____ INPUT DATA

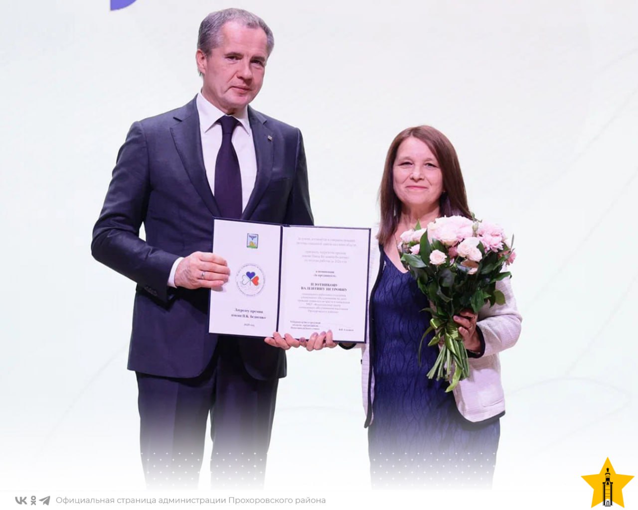 Плотникова Валентина Петровна, сотрудница Комплексного центра социального обслуживания населения Прохоровского района, удостоилась престижной премии имени Павла Кузьмича Бедненко. Награду присуждают за весомый вклад в развитие системы социальной защиты населения Белгородской области.
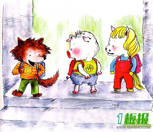 第二天一早,小狐狸又来到了小灰猫的楼下叫他一起去上学,并大声喊:记住洗完脸再下来。
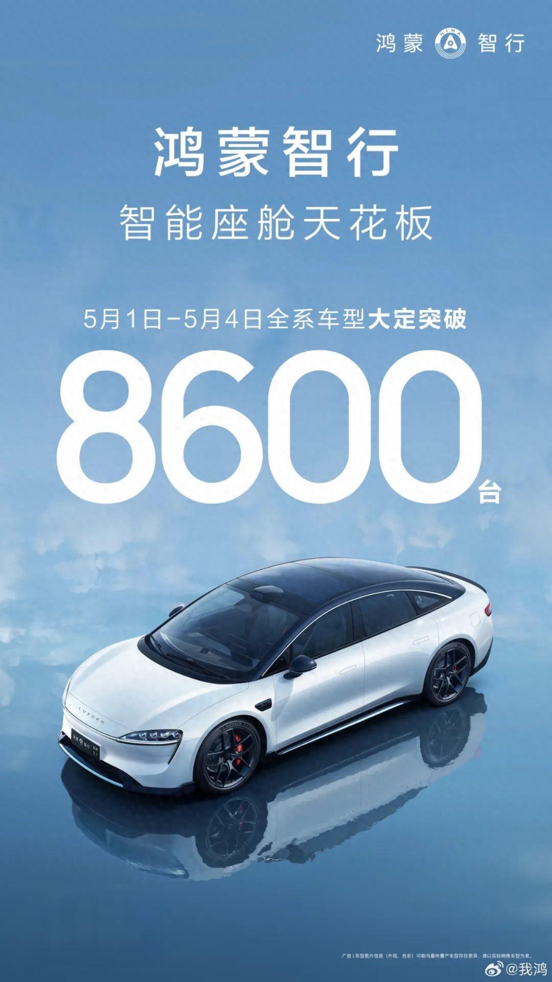 戰報顯示,華為智選車鴻蒙智行5月1日-4日全系車型大定突破8600臺,預計今日結束也會公布假期5天的數據。
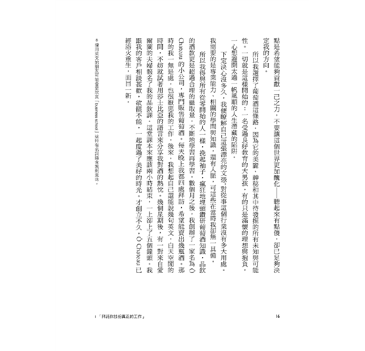 我希望透過這本書,成為各位讀者在學酒路途上的嚮導,讓你也能品味這旅程豐美鮮醇的滋味。

________

### ABOUT THIS TASK
An exact copy of the listing is required; return it without any pictures.

### WRITTEN ANSWER
 Плотникова Валентина Петровна, сотрудница Комплексного центра социального обслуживания населения Прохоровского района, удостоилась престижной премии имени Павла Кузьмича Бедненко. Награду присуждают за весомый вклад в развитие системы социальной защиты населения Белгородской области.
 第二天一早,小狐狸又来到了小灰猫的楼下叫他一起去上学,并大声喊:记住洗完脸再下来。
 戰報顯示,華為智選車鴻蒙智行5月1日-4日全系車型大定突破8600臺,預計今日結束也會公布假期5天的數據。
 我希望透過這本書,成為各位讀者在學酒路途上的嚮導,讓你也能品味這旅程豐美鮮醇的滋味。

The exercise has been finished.